Официант приносит кофе.
– Его я тоже не знала. Но меня пригласили на поминки.
Ну, ты знаешь, в то кафе возле кладбища, где готовят замечательные медовые пирожные.
Хедвиг с мечтательным видом помешивает кофе ложечкой.
– Минуточку! Значит, ты заявилась на поминки только ради медового пирожного, хотя не состоишь ни в каком родстве с этим Францем Ширенкоппом?
– Ерунда! Разумеется, мы родня. Все состоят друг с другом в каком-нибудь родстве. Просто я в то время еще не знала, по какой линии. Но мы с Вальбургой это выяснили. Правда, пришлось допустить наличие пары внебрачных связей, но свободная любовь существовала и до шестьдесят восьмого года…
Я в недоумении смотрю на тетю, а она допивает кофе, улыбается и говорит:
– Ну, пошли.
Неся пакетик с дезодорантом к машине, я все пытаюсь понять, в какой степени родства мы состоим с Хедвиг. Она всегда присутствовала на всех семейных торжествах и сидела, как правило, поближе к сладостям.
Бывают моменты в жизни, когда не дает покоя вопрос: «А действительно ли этот человек мне родственник? Может ли такое быть? Или это розыгрыш и где-то стоит скрытая камера?» Иногда это самое разумное объяснение.
Но если степень родства с тетушкой можно проследить по старым пожелтевшим документам, то с более дальними родственниками дело обстоит сложнее. Кто на генеалогическом древе сидит ближе ко мне: горилла, с наслаждением поедающая бананы прямо в кожуре, или орангутан, висящий на одной руке, а другой ковыряющий в носу? А какое место занимает чепрачный тапир по отношению к голому землекопу? Ученые долгое время пытались ответить на эти вопросы, основываясь главным образом на внешнем сходстве. Так, например, они судили о родстве по числу зубов. Но тут можно впасть в заблуждение. Вы можете прочесть на упаковке: «Только 52 зубчика являются защитой от подделки»[2]. Но, сунув туда руку в надежде выудить вкусное сливочное печенье, вы можете нарваться на злобного сумчатого муравьеда с его 52 зубами, которыми он вцепится в ваш палец. В этом нет ничего хорошего.

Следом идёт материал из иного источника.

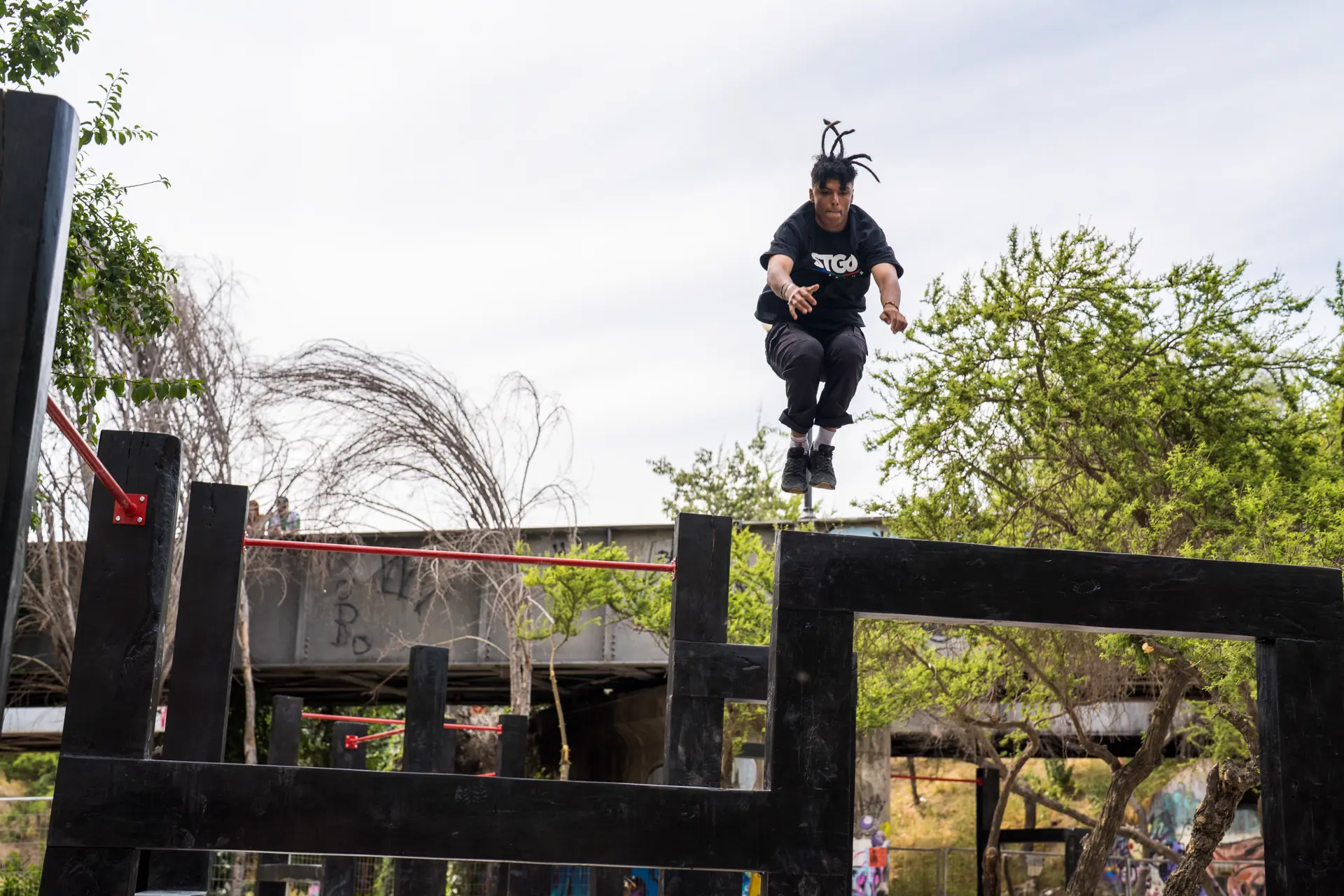 Esta agrupación asesoró activamente a deportelibre en todo el desarrollo técnico del diseño de parkour park para poder realizar una infraestructura de calidad y que responda a todas las condiciones necesarias para practicar de manera adecuada este deporte. el parkour park se construyó en madera nativa de roble en su totalidad sobre un piso de palmetas de caucho para tener una superficie de caída adecuada y todo este proyecto se inserta en un bosque nativo de espinos.

Но нашелся человек, который счел подобное положение дел совершенно неприемлемым. Это был Карл Вёзе. Вы можете представить его себе расхаживающим по университетскому городку в Иллинойсе во фланелевой рубашке в черно-красную клетку (мы уже встречались с ним раньше, так как он был одним из соавторов гипотезы мира РНК). В 1960-е годы он получил должность профессора Иллинойсского университета и собственную лабораторию в придачу. Но его больше интересовали родственные связи не с кусачими сумчатыми млекопитающими, а то, в каком родстве между собой (и с нами) состоят бактерии. Клетки нашего тела, как и клетки животных, растений и даже дрожжевых грибков, относятся к эукариотам (от греч. ей – хороший, настоящий и karyon – ядро). Они относительно велики, имеют сложную внутреннюю структуру и обладают ядром. Бактерии по сравнению с ними значительно меньше и имеют более простое строение. Их наследственный материал разбросан без должной упаковки по всей клетке, потому что у них нет ядра. Поэтому их относят к прокариотам (от греч. pro – до и karyon – ядро).

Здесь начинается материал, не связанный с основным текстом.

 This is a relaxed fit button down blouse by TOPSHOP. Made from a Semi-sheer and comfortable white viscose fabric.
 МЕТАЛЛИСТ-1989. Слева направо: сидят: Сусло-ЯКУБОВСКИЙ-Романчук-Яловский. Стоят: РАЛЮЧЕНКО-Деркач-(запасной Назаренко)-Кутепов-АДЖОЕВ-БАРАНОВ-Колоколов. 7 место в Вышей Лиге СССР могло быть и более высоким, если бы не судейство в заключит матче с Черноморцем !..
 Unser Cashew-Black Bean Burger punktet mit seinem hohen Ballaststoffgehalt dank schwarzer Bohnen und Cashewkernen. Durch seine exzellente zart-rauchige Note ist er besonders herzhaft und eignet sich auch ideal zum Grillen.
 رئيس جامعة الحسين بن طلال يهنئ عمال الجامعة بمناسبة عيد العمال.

Большинство ученых в то время не задумывались о родстве между бактериями, так как поиски чего-то осмысленного в данном контексте представлялись совершенно безнадежным делом. Ведь внешние признаки, по которым подразделялись бактерии, давали для этого мало оснований. Бактерии могли быть круглыми, продолговатыми или спиралевидными. При некоторой доле везения мы могли получить кое-какие данные об их образе жизни, и на этом наука заканчивалась. Но Вёзе этим не удовлетворился. Ему хотелось создать систему.

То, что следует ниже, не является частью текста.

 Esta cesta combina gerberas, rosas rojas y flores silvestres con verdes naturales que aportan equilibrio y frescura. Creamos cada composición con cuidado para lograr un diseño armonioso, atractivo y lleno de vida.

Итак, он уселся в своем кабинете, положил ноги в потрепанных туфлях на стол и задумался. Проблема была в том, что все биологи, занимавшиеся вопросами эволюции, интересовались главным образом животными и растениями, но отнюдь не теми, которых можно было рассмотреть только под микроскопом. А микробиологам, которые занимались микроорганизмами, вопросы эволюции были неинтересны, поскольку отслеживать эволюцию микробов – настоящий кошмар, состоящий из предположений и теорий, которые очень редко согласуются между собой. Поэтому очень многие ученые придерживались мнения, что можно прекрасно прожить и без генеалогического древа бактерий. Однако Вёзе был убежден, что для подлинного понимания мира микробов необходимо знать историю их развития. А для этого надо было найти следы эволюции там, где она происходит, то есть в генах.